Meditation on the heart-breakingly beautiful

It’s been 36 long years since tiny feet pressed against my back in bed in the middle of the night, to say nothing of little arms wrapped ‘round my neck and kisses planted on my cheek for absolutely no reason whatsoever. There is nothing like a 13-month-old granddaughter to crack open your heart. Watching Isabelle falling in love with the world, I just feel like crying all the time; her innocence is heartbreakingly beautiful.

And then there is the Cinderella-like never-been-kissed 47-year-old, dowdy-looking Scottish Susan Boyle, who turns out to have the voice of an angel. What can I say that would even come close to the beautiful heart-break of seeing the cynical and cool Simon Cowell melt in the presence of such splendid innocence? My eyes fill with tears every time I watch the video.

Add to these the poetic songs of 75 year-old Leonard Cohen, whose recent performance at the Paramount Theatre in Oakland left me wet-cheeked for three hours. I first fell in love with Cohen’s heart-breaking music when just 18, over 40 years ago, and we’ve grown gray together. “I last performed onstage 15 years ago,” he said, “just another 60-year-old with a crazy dream.” I laughed, I cried, I’ve been humming his songs for days. As he left the stage, he lightly skipped into the wings.
All these tears, I wonder; just a matter of getting older? To be sure, I cried often as a child; my older brother was not exactly the Wally Cleaver type – much to the contrary – he was cruel. I desperately wanted him to be my very best friend, to protect me and play with me, but he preferred to be alone. And when he was in my company and out of earshot of my parents, he used the moment to torment me.

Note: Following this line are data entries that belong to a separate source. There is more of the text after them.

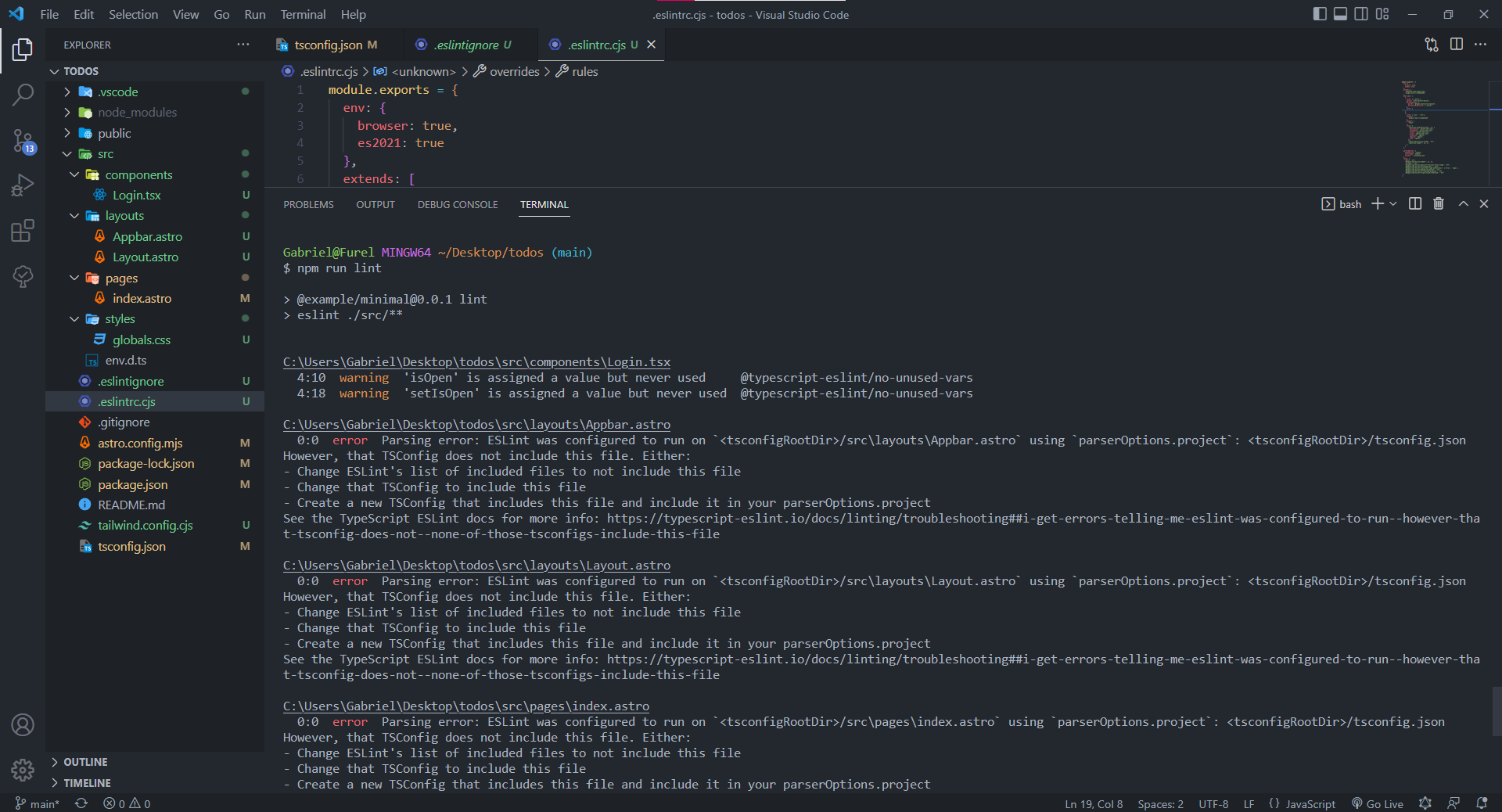我试图用react、typescript和astro来设置我的eslint配置,但似乎我无法摆脱这个错误:
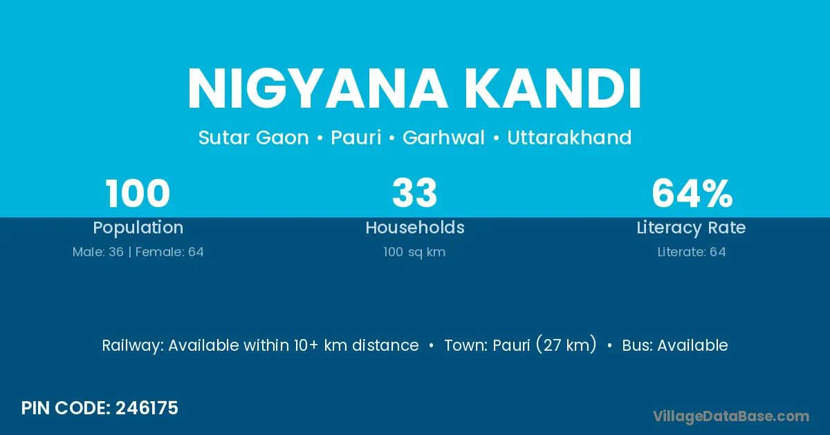 Pauri (27 km) is the nearest town to Nigyana Kandi village for major economic activities and is located approximately 27 km away.
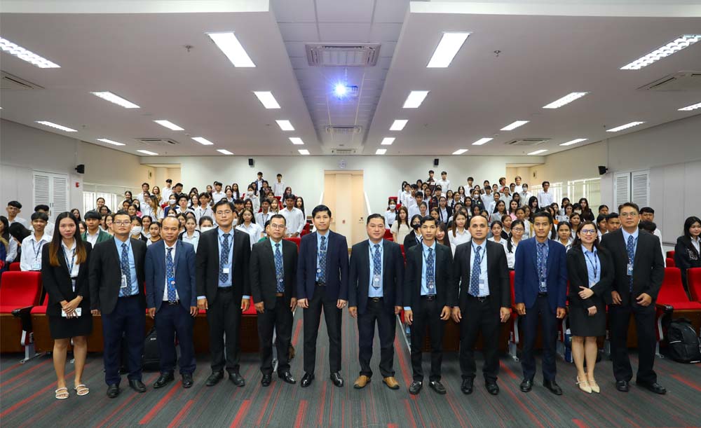 On the afternoon of November 17, 2025, Faculty of Arts, Humanities, and Languages hosted a meeting between the FAL management team and the English for Academic Purposes (EAP) students, approximately 200. This meeting, highly presented by Mr. Thab Chanthorn, the Dean of Faculty of Arts, Humanities, and Languages along with the faculty members, aimed to share the students the effective learning methods and the benefits of foreign languages, particularly English and Chinese, which are the crucial languages of job market demands.
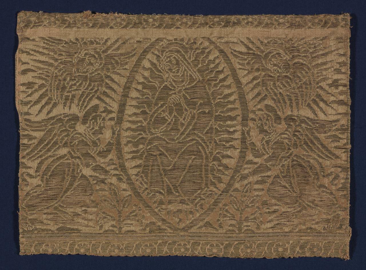 DescriptionYellow ground, Madonna in mandorla and angels in gold thread.Exhibition HistoryThreads of Gold: Brocades and Embroideries for the Church, Spencer Museum of Art, University of Kansas, Lawrence, KS, July 2-September 1, 1985, no. 13.
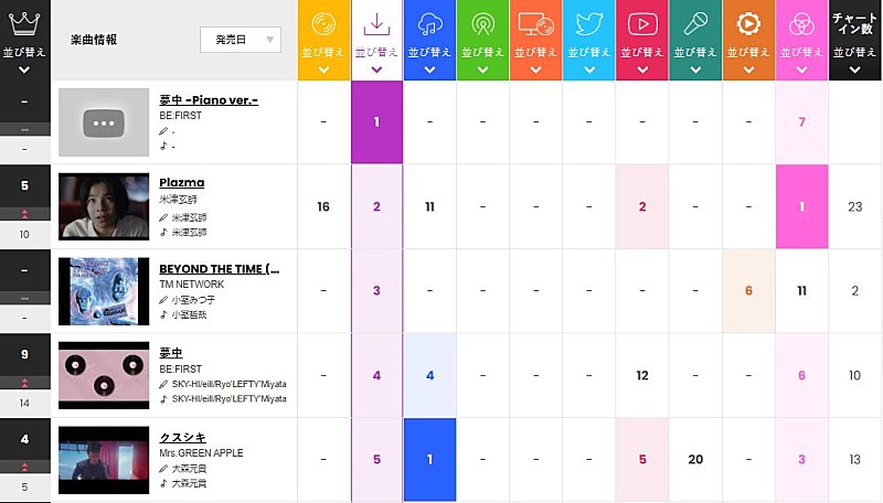1位「夢中 -Piano ver.-」BE:FIRST(6,690DL)
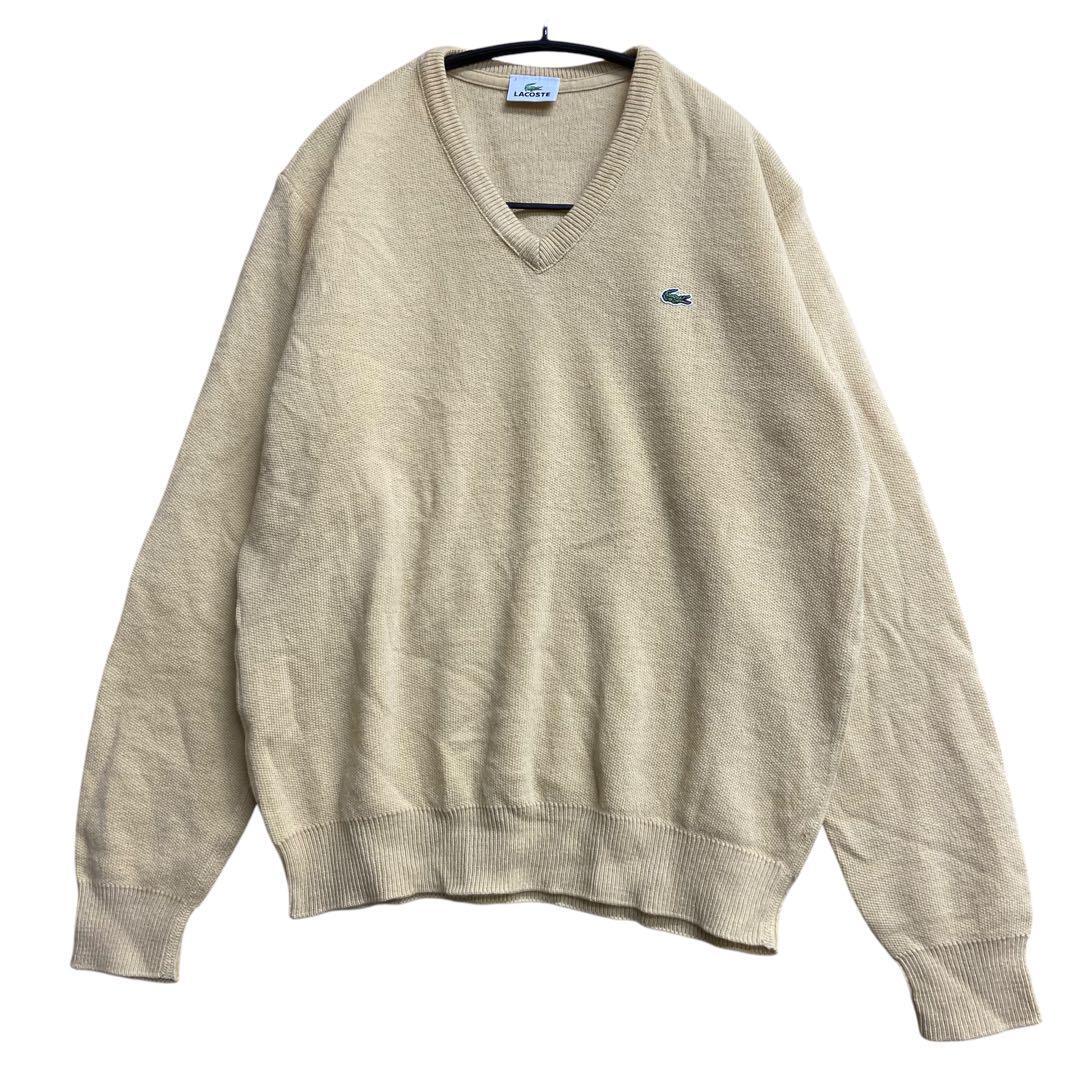 - ラコステ メンズセーター 黄色 L Vネック 刺繍エンブレム【2007】

In time I stopped crying. Like the Maasai warrior boys of the Ngorogoro crater in Tanzania, Africa, for whom crying is a family disgrace, I stopped the tears, choked them back, and as I grew older I left crying far behind. Habits of sarcasm and deflection replaced it. The sarcasm served to transfer my pain and longing to others using humor, but sarcasm is just masked aggression derived from suffering. As I’ve written before, I am a recovering sarcastic. Deflection was effective, too, so I cultivated glibness and quick wit.

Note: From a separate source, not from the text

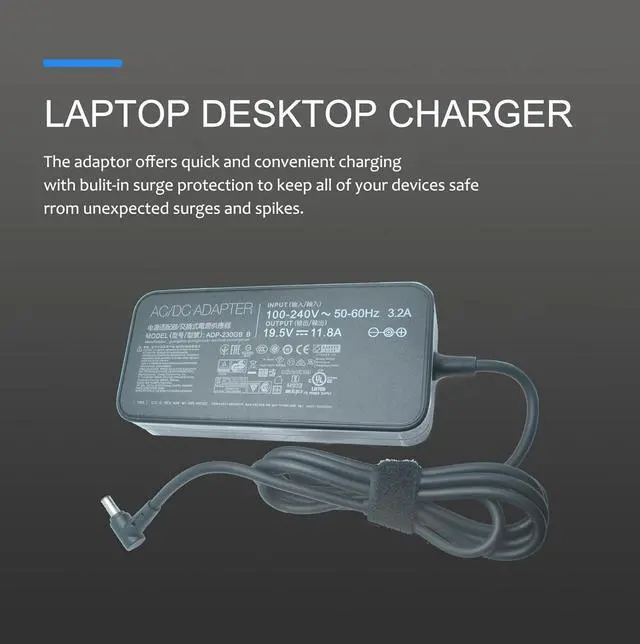 Power specsInput:100-240V / 50-60Hz, Output:19.5V 11.8A 230W, Connector plug: 6.0mm * 3.7mm,with central pin inside(Please check whether the interface is the same as the original charger interface).
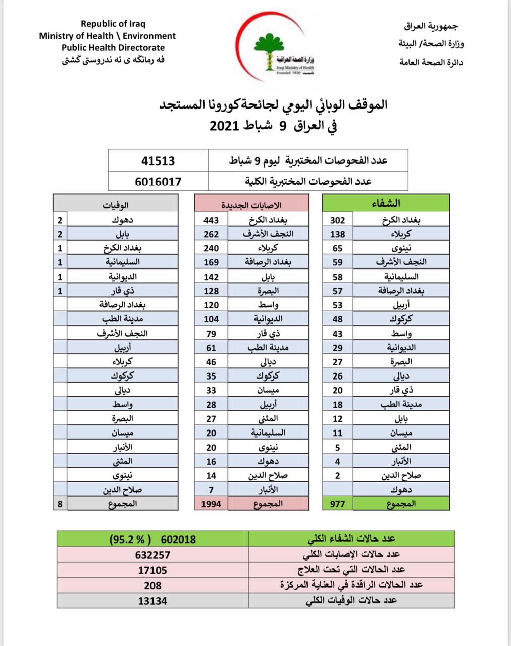 أعلنت وزارة الصحة والبيئة، اليوم الثلاثاء، الموقف الوبائي لفيروس كورونا في عموم البلاد.

Sarcasm does me no good and it hurts others, thus I try to set it aside. Deflection is mostly about avoiding strong emotions, like sadness or overwhelming empathy. So my current approach is to slow down and create some space, a gap wherein I need not be sarcastic or glib and I can take the time to feel what’s really going on inside. Leonard Cohen says this gap is the “crack in everything … that’s how the light gets in.”

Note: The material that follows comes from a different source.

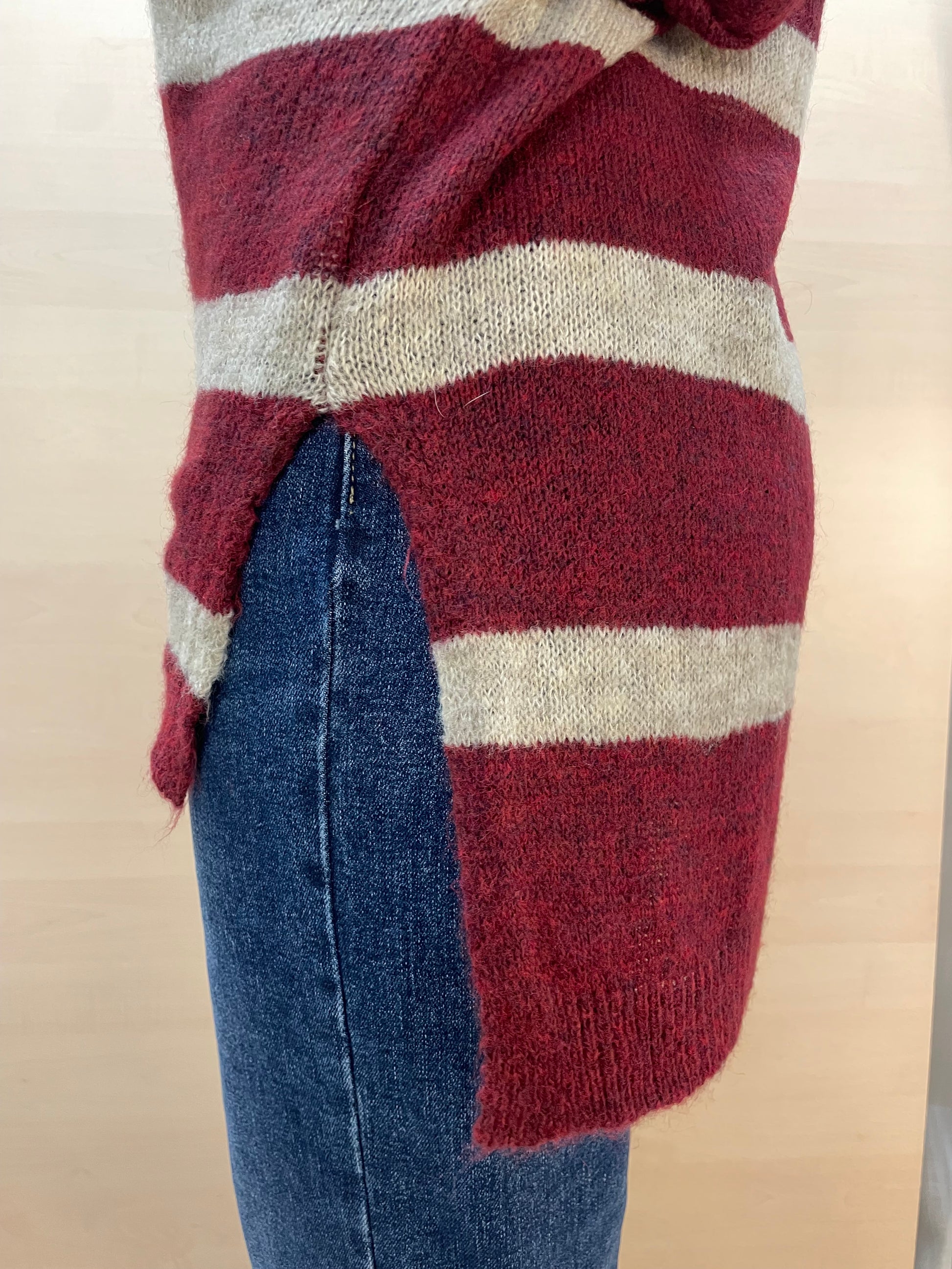 Maglia girocollo a righe nei toni caldi del bordeaux e del beige, realizzata in un tessuto morbido e confortevole. La vestibilità è leggermente over, pensata per offrire un fit rilassato ma sempre curato.

Broken habits, broken hearts – between them I’m easily brought to tears. Perhaps after a while, I will cry less. Or, perhaps I will cry more; I can’t be sure where all this is headed. Nowadays I sense the larger fabric of my life; the rich strands of color and varied textures added by family, friends, and feelings. At times scratchy and irritating, right now life feels soft, warm and sweet. And if adorable Isabelle keeps giving me hugs and kisses, I’m a total goner for sure.